By middle school, her grades were “all over the map,” she says, and sometimes she skipped school or just got up and walked out of class early. “It felt like a waste of time,” says Sa’Brina, 16. “I knew the material and just felt like I was doing the same things over and over.”
Her home life grew more difficult when her parents separated and her mother had to be hospitalized for surgery. Sa’Brina had been put on probation for truancy, but spending time in the hospital when her mother was sick landed her in court for violating the probation.
As a result, she went back to an Indianapolis middle school with more stringent supervision. She was “on a tracking sheet,” in which her work and attendance in each class were closely monitored.
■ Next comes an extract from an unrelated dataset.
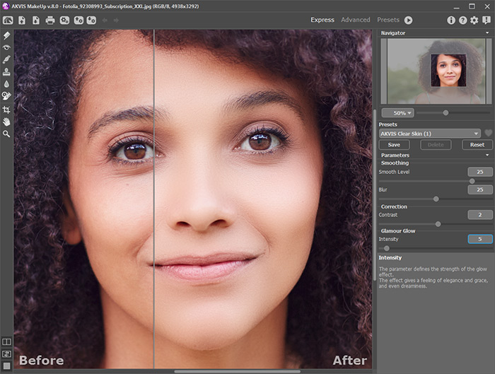Программа автоматически сглаживает кожу и устраняет мелкие дефекты, придавая лицу на портрете сияние, чистоту и гладкость, характерные для высокохудожественных изображений.
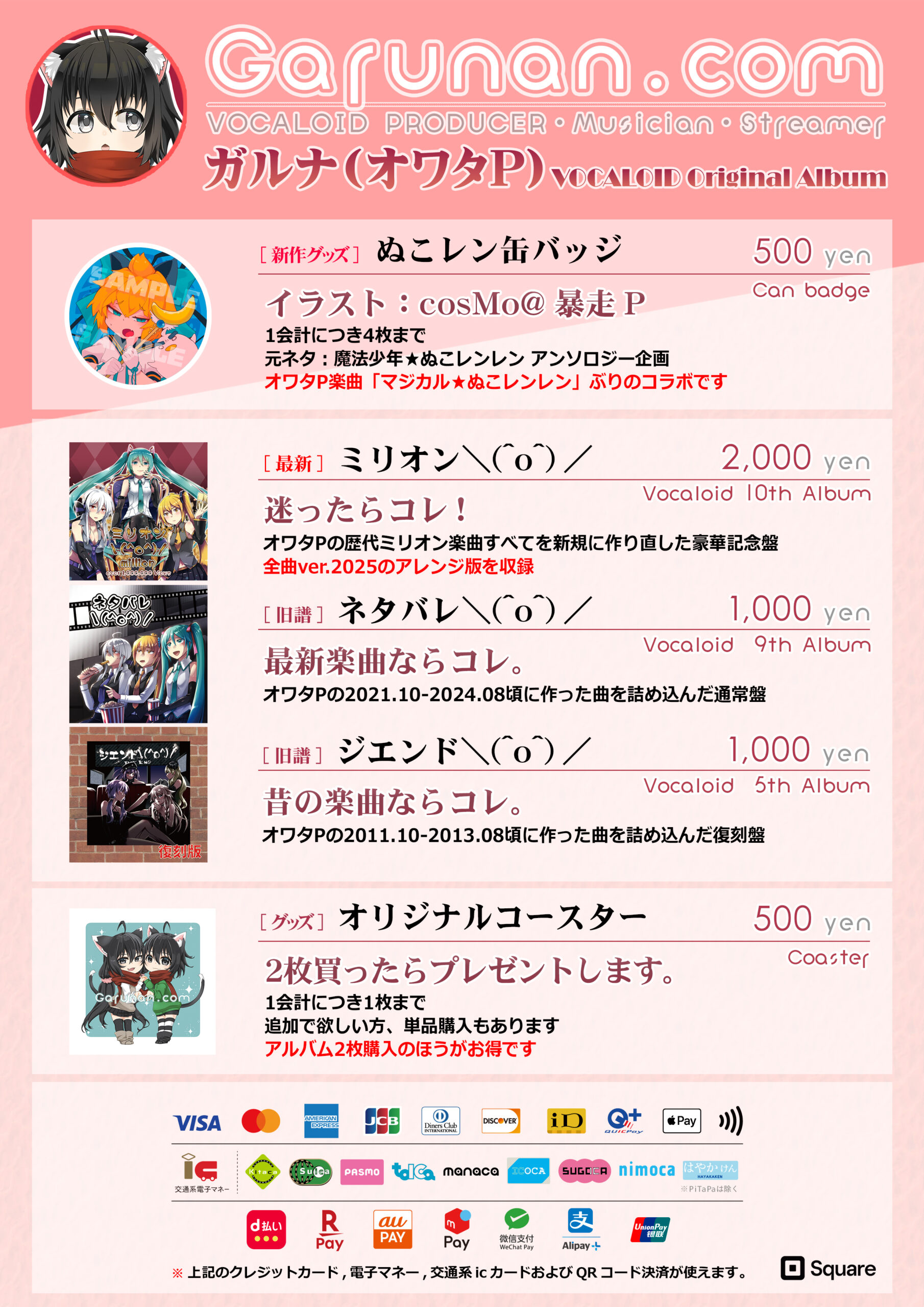 会場ではサークル主のガルナ(オワタP)およびcosMo@暴走Pが売り子として参加します。

It was “good to have someone keeping tabs on me,” she says, but she still found school boring and unchallenging.
With her mother’s blessing, Sa’Brina tried to get herself set up for a home schooling program when she was 14. She loaded up on books from the library and found resources on the Internet. But she found out too late that she was supposed to take annual tests to show her progress, and she worried that her work wouldn’t be accepted for credit.
She decided to enroll at Indianapolis Met, a charter school run by Goodwill Indianapolis that gives students more freedom to design their own courses of study. She’s working toward a diploma, and wants to work as a mortician to earn money for college, where she hopes to study architecture, accounting, and hotel management.
Sa’Brina wishes that more of her school years had been interesting to her. She imagines a social studies class where she and her peers could have acted out their own Civil War, instead of reading about it in a textbook.